FIG. 6 is a partial schematic cross-sectional view of the device during operation.

[Explanation of symbols]

 1-intake pipe 2-throttle valve 10-swirl control valve 11-partition wall 12-main port 13-swirl port 14-drive motor 15-guide fin

Claims (4)

[Claims] 1. An intake vortex generator, comprising: a main port and a swirl port separated by a partition wall provided in an intake pipe downstream of a throttle valve; and a swirl control valve provided on the main port side. On the intake pipe side wall near the swirl control valve,
An intake vortex generator, wherein guide fins are provided to guide the intake air passing through the main port toward the swirl port when the swirl control valve is half-opened. 2. A side wall of a main port in the intake pipe,
2. A contact portion at which a tip portion of the swirl control valve contacts when fully closed, and the guide fin is provided obliquely downstream near a downstream side of the contact portion.
An intake vortex generator as described. 3. An intake vortex generator, comprising: a main port and a swirl port separated by a partition wall provided in an intake pipe downstream of a throttle valve; and a swirl control valve provided on the main port side.
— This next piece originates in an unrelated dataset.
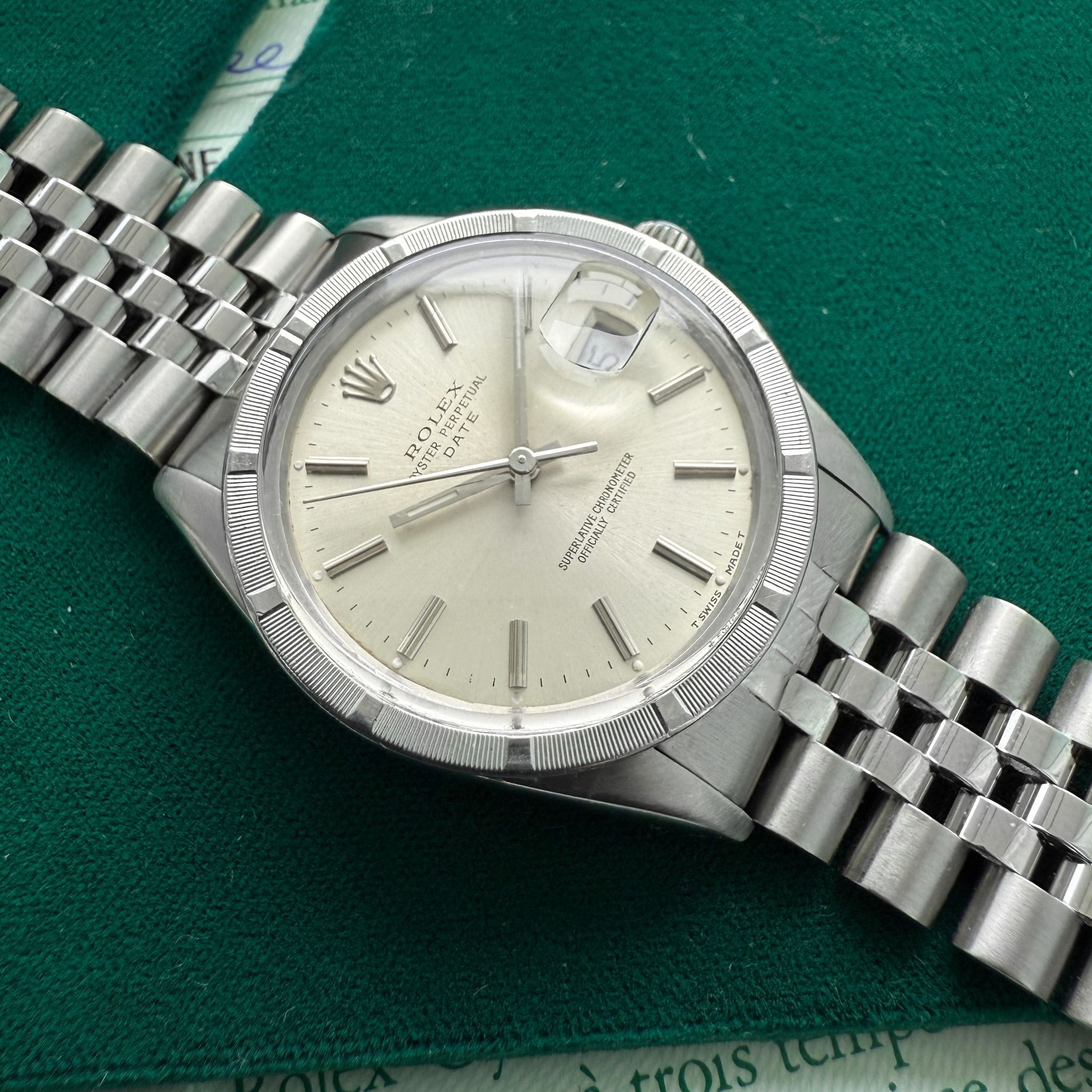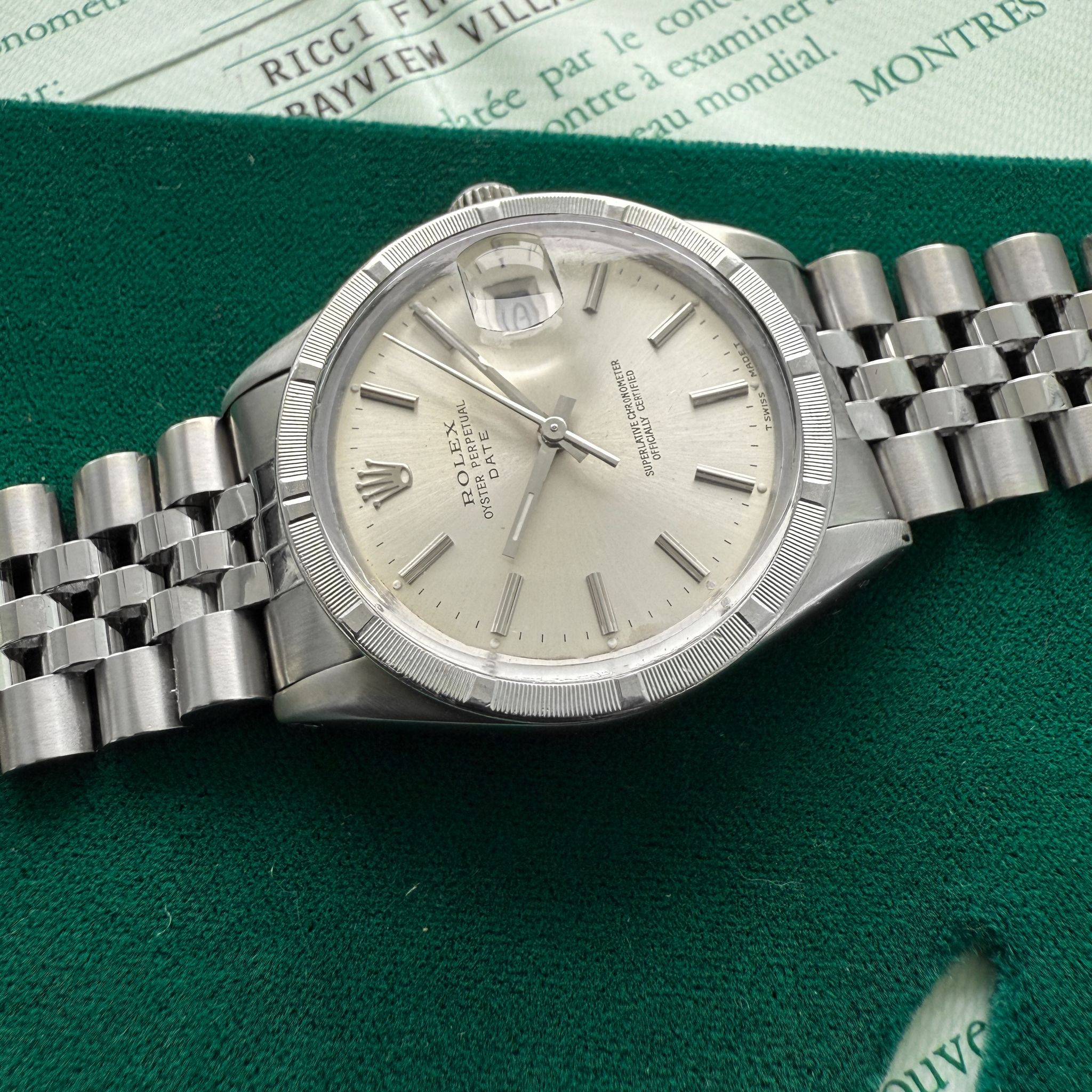 Rolex - 1985 Rolex Date Engine Turned Bezel - Jubilee 15010 – Box and Papers

A swirl control valve, wherein a guide fin is provided on a valve body of the swirl control valve so as to guide an intake flow passing through the main port toward the swirl port when the swirl control valve is half-opened. . 4. The intake vortex flow generation according to claim 3, wherein the guide fin is provided on a back side of a butterfly type valve body of the swirl control valve so as to have a surface substantially parallel to the back side of the valve body. apparatus.